### WHAT IS REQUIRED
The records that follow must be repeated exactly, except for their pictures.

### Records drawn from a dataset
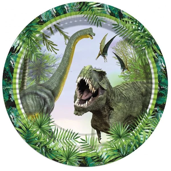 Dínós papír tányér 23cm 8db
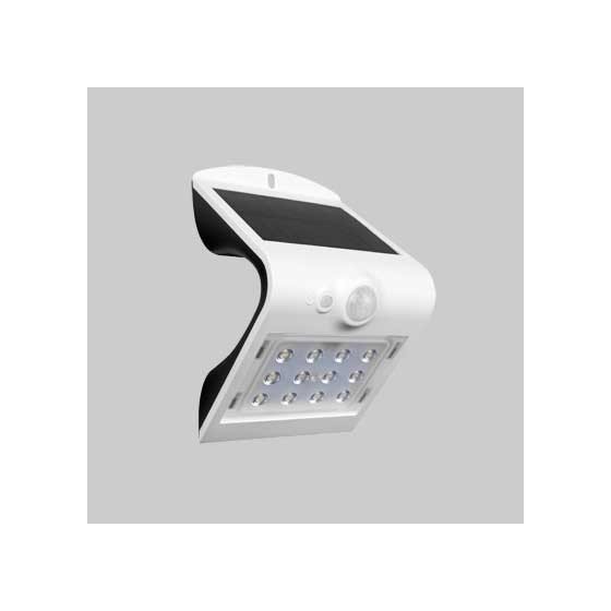 APPLIQUE A LED CON PANNELLO SOLARE E SENSORE 3W - 200Lm - 6000K - Colore Bianco - Corpo in PBT (polibutilentereftalato) resistente agli urti. Dotato di batteria a Litio da 3.7V - 1200mA. Tempo di ricarica 4/6h. Autonomia 12/16h. Dotato di sensore PIR, ad accensione automatica per 10 secondi. Angolo di rilevamento 120°. Raggio di azione 2-6 m. Grado di protezione IP65. Applicazione: Cortili, Balconi, Giardini, Vicoli, Illuminazione generica delle aree esterne. Dimensione: 152x96x83h.
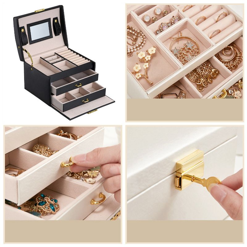Wielopoziomowa szkatułka LELANI, kuferek na biżuterię Premium – czarna
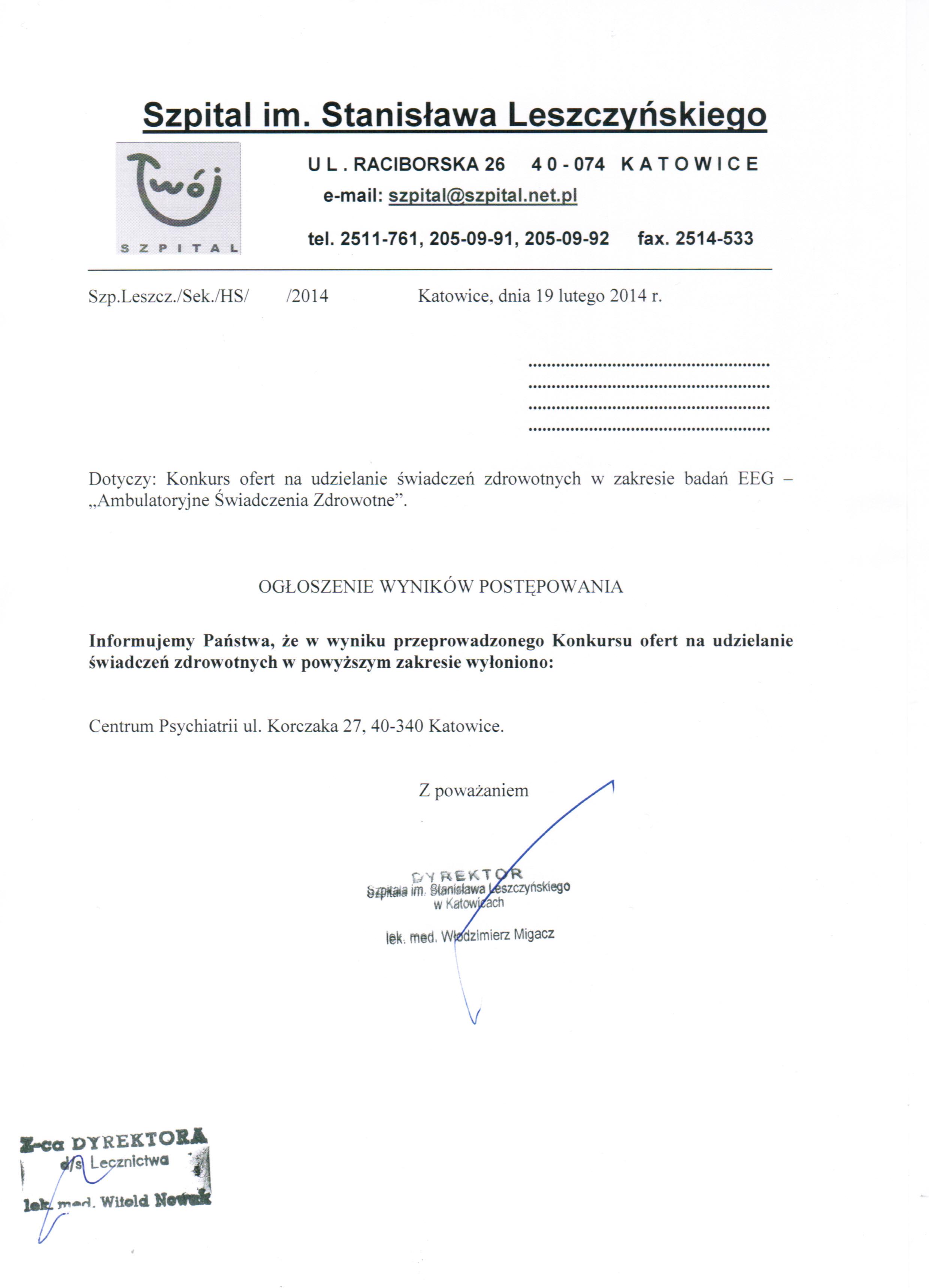 Dodatkowych informacji udziela Z-ca Dyrektora ds. Lecznictwa lek. med. Witold Nowak pod nr tel. (32) 251 17 61.
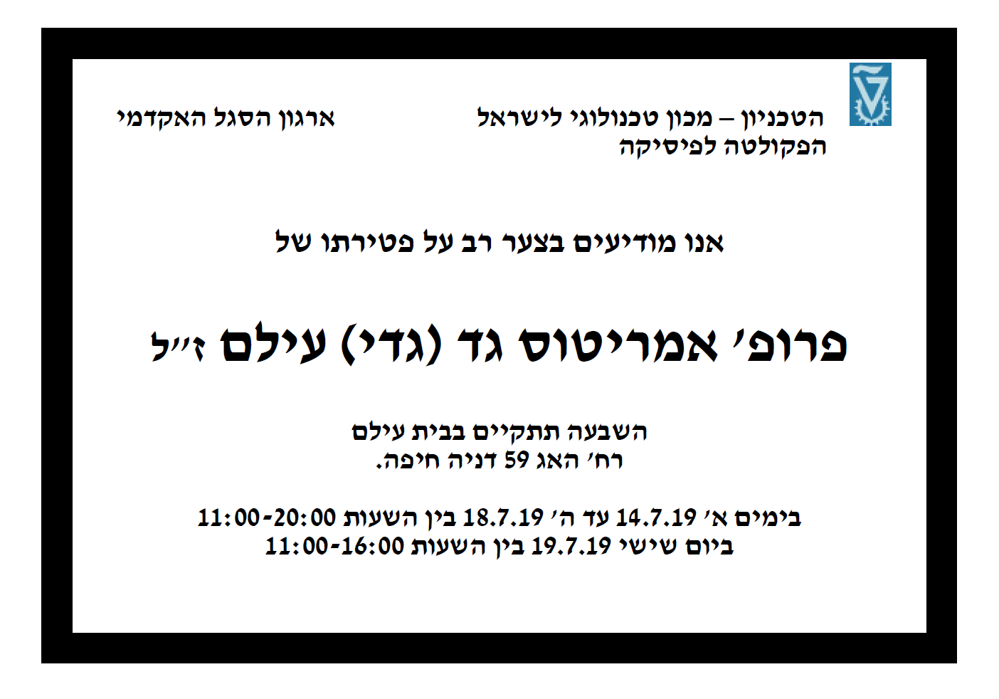 We are mourning the death of a dear friend and distinguished physicist, Prof. Gad Eilam, who passed after a serious illness.
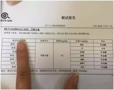 也有人说,甲醛会溶于水。可经实验室人员人工手洗5次后,送检结果显示,甲醛含量依然超标。
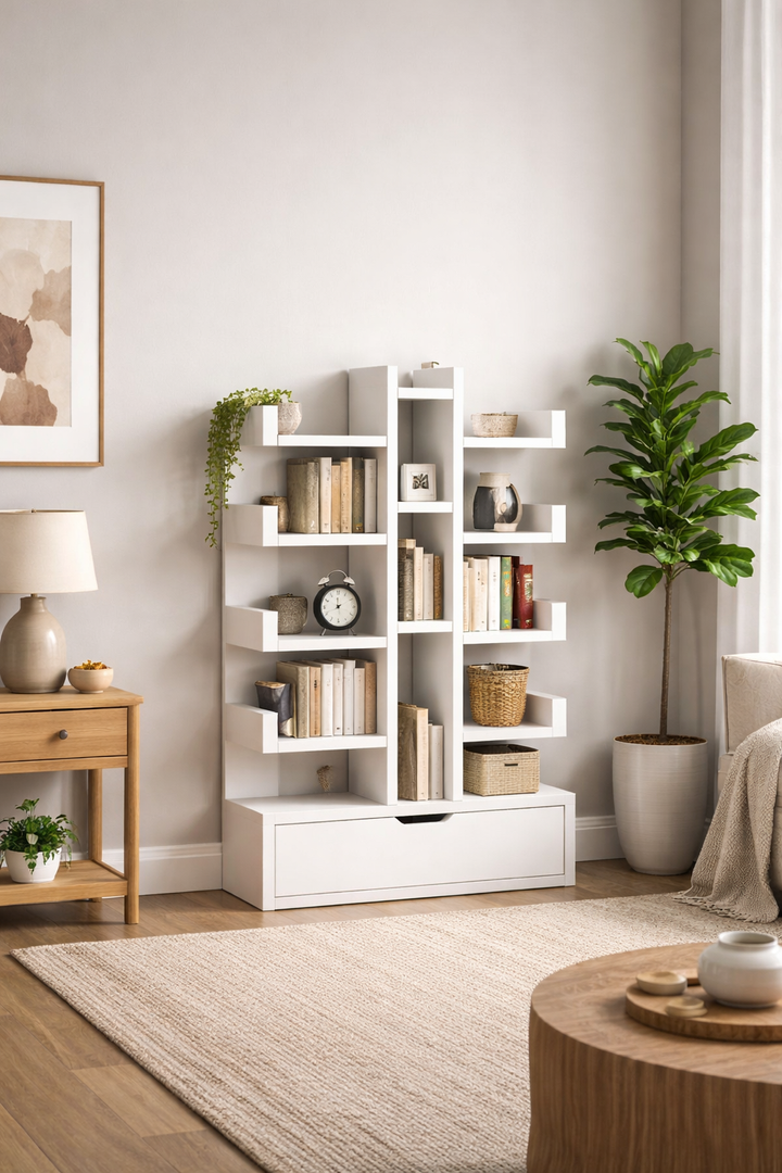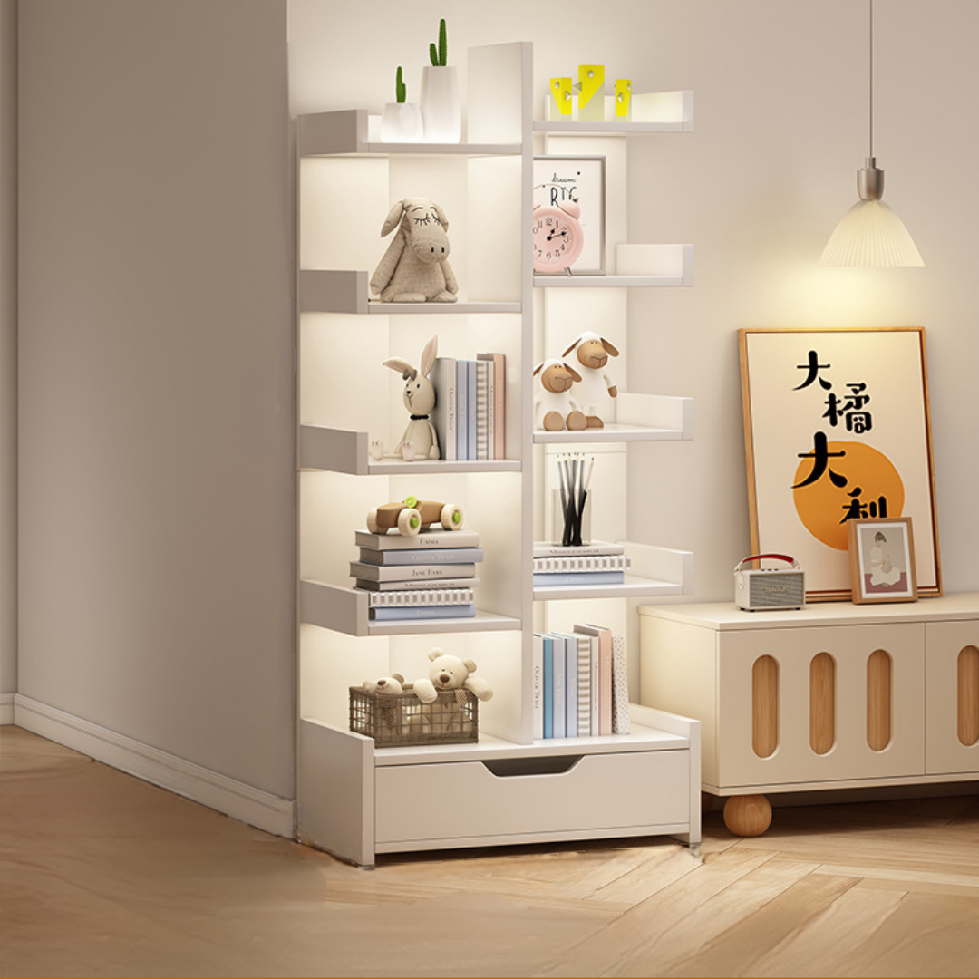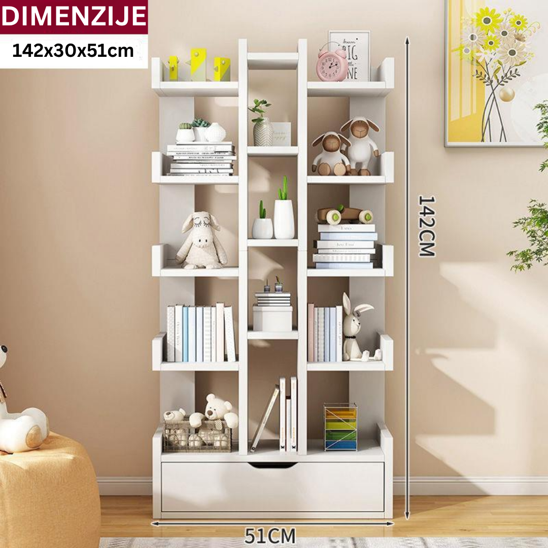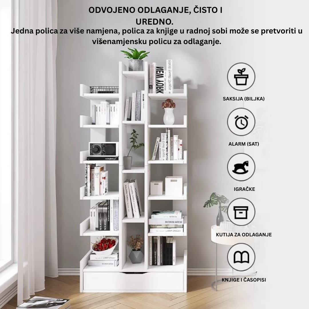 S 10 otvorenih odjeljaka, ova polica je idealna za izlaganje vaše kolekcije knjiga, umjetničkih predmeta, biljaka i fotografija. Prostrana ladica na dnu savršena je za odlaganje punjača, dokumenata, igračaka ili bilo čega drugog što želite uredno pospremiti.
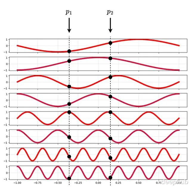 γ对每个坐标分别应用,是个确定性函数没有可学习参数。p归一化到[-1,+1]。L=4时的编码可视化:
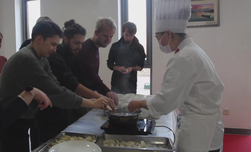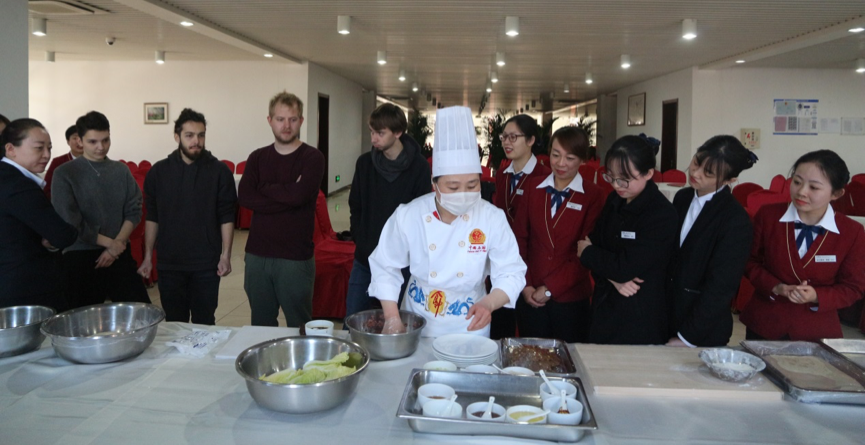 2019年4月1日,中国科学院大学中丹中心留学生们来到国科大国际会议中心,与会议中心员工一起,交流学习饺子制作技巧,感受中国传统饮食文化的魅力。
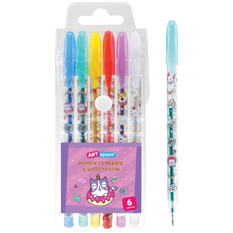 Набор гел. ручек 6цв. "Кот-сластена" с блестками GPCC06_53029
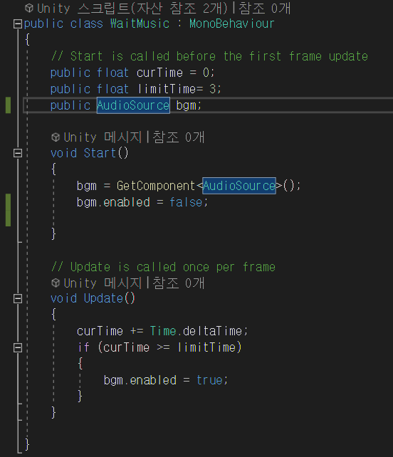 다음과 같은 스크립트를 추가하여 3초 뒤 브금이 실행되도록 하였다.
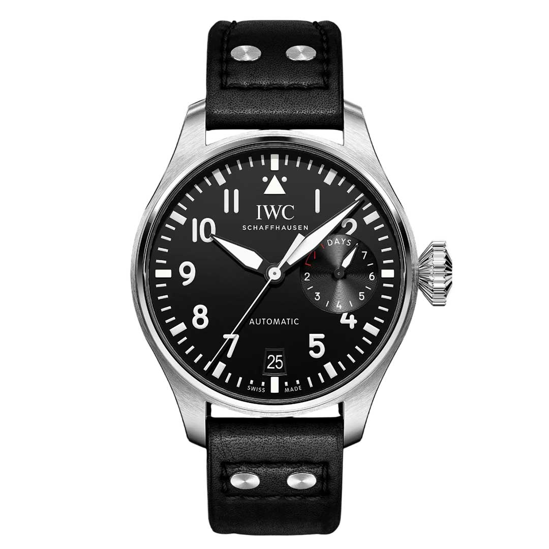 It features an efficient Pellaton automatic winding system with parts made from black or white ceramic. With the help of two barrels, it builds up a reserve of 7 days. The display at “3 o’clock” indicates the time remaining until the movement comes to a stop. The Big Pilot’s Watch has a date display at “6 o’clock” and the central seconds essential in any watch used for flying.
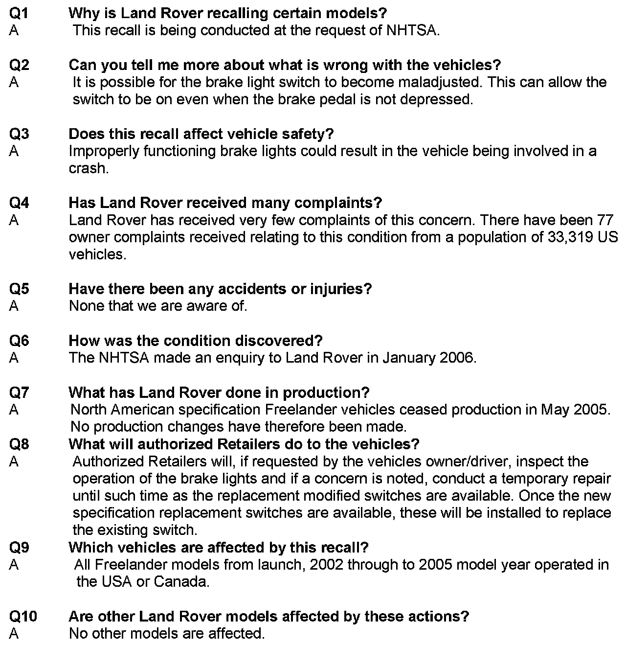 Recall P002 - Brake Light Switch Replacement
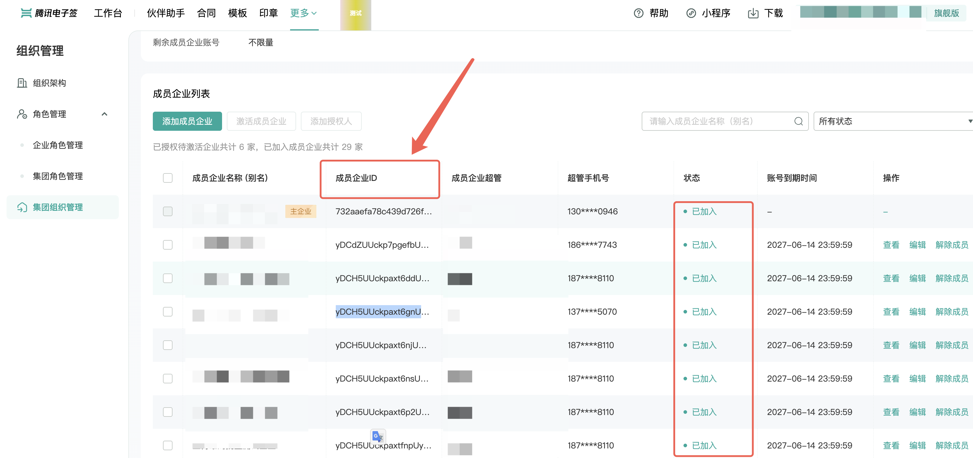 集团成员企业可以在电子签控制台 更多 - 组织管理 - 集团组织管理 处获取。
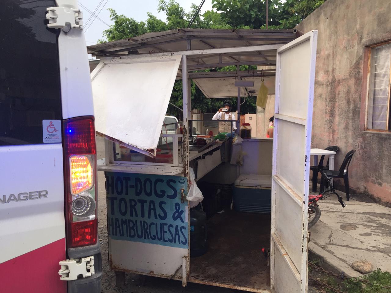 Cuando se encontraba dorando salchichas en un carretón de venta de hot dogs y hamburguesas, un comerciante sufrió un susto cuando una camioneta tipo Van se estrelló contra el puesto de comida rápida.
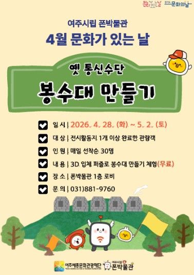 내고향뉴스 김명신 기자 | 여주세종문화관광재단이 운영하는 여주시립 폰박물관은 4월 '문화가 있는 날'을 맞아 오는 4월 28일부터 5월 2일까지 시민 참여형 체험 행사 '소식을 전하던 봉수대 만들기'를 운영한다.
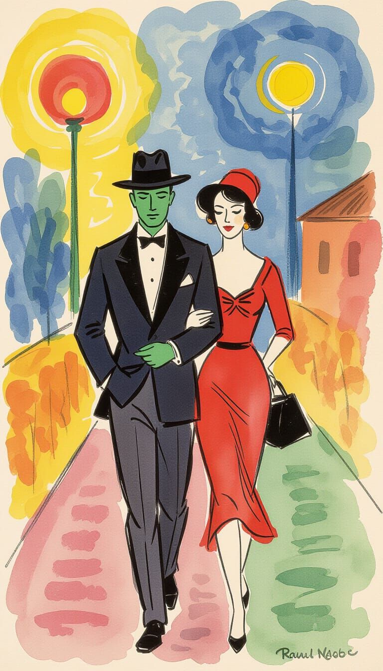 Raoul Dufy + Emil Nolde + Fauvism. Dufy's calligraphic ink lines dance across wet watercolor fields with dynamic separation between drawing and color, Nolde's fearless saturation produces luminous chromatic intensity through bold adjacencies of unmixed pigments, and Fauvism infuses liberated color joy. ...

### WRITTEN SOLUTION
 Dínós papír tányér 23cm 8db
 APPLIQUE A LED CON PANNELLO SOLARE E SENSORE 3W - 200Lm - 6000K - Colore Bianco - Corpo in PBT (polibutilentereftalato) resistente agli urti. Dotato di batteria a Litio da 3.7V - 1200mA. Tempo di ricarica 4/6h. Autonomia 12/16h. Dotato di sensore PIR, ad accensione automatica per 10 secondi. Angolo di rilevamento 120°. Raggio di azione 2-6 m. Grado di protezione IP65. Applicazione: Cortili, Balconi, Giardini, Vicoli, Illuminazione generica delle aree esterne. Dimensione: 152x96x83h.
Wielopoziomowa szkatułka LELANI, kuferek na biżuterię Premium – czarna
 Dodatkowych informacji udziela Z-ca Dyrektora ds. Lecznictwa lek. med. Witold Nowak pod nr tel. (32) 251 17 61.
 We are mourning the death of a dear friend and distinguished physicist, Prof. Gad Eilam, who passed after a serious illness.
 也有人说,甲醛会溶于水。可经实验室人员人工手洗5次后,送检结果显示,甲醛含量依然超标。
 S 10 otvorenih odjeljaka, ova polica je idealna za izlaganje vaše kolekcije knjiga, umjetničkih predmeta, biljaka i fotografija. Prostrana ladica na dnu savršena je za odlaganje punjača, dokumenata, igračaka ili bilo čega drugog što želite uredno pospremiti.
 γ对每个坐标分别应用,是个确定性函数没有可学习参数。p归一化到[-1,+1]。L=4时的编码可视化:
 2019年4月1日,中国科学院大学中丹中心留学生们来到国科大国际会议中心,与会议中心员工一起,交流学习饺子制作技巧,感受中国传统饮食文化的魅力。
 Набор гел. ручек 6цв. "Кот-сластена" с блестками GPCC06_53029
 다음과 같은 스크립트를 추가하여 3초 뒤 브금이 실행되도록 하였다.
 It features an efficient Pellaton automatic winding system with parts made from black or white ceramic. With the help of two barrels, it builds up a reserve of 7 days. The display at “3 o’clock” indicates the time remaining until the movement comes to a stop. The Big Pilot’s Watch has a date display at “6 o’clock” and the central seconds essential in any watch used for flying.
 Recall P002 - Brake Light Switch Replacement
 集团成员企业可以在电子签控制台 更多 - 组织管理 - 集团组织管理 处获取。
 Cuando se encontraba dorando salchichas en un carretón de venta de hot dogs y hamburguesas, un comerciante sufrió un susto cuando una camioneta tipo Van se estrelló contra el puesto de comida rápida.
 내고향뉴스 김명신 기자 | 여주세종문화관광재단이 운영하는 여주시립 폰박물관은 4월 '문화가 있는 날'을 맞아 오는 4월 28일부터 5월 2일까지 시민 참여형 체험 행사 '소식을 전하던 봉수대 만들기'를 운영한다.
 Raoul Dufy + Emil Nolde + Fauvism. Dufy's calligraphic ink lines dance across wet watercolor fields with dynamic separation between drawing and color, Nolde's fearless saturation produces luminous chromatic intensity through bold adjacencies of unmixed pigments, and Fauvism infuses liberated color joy. ...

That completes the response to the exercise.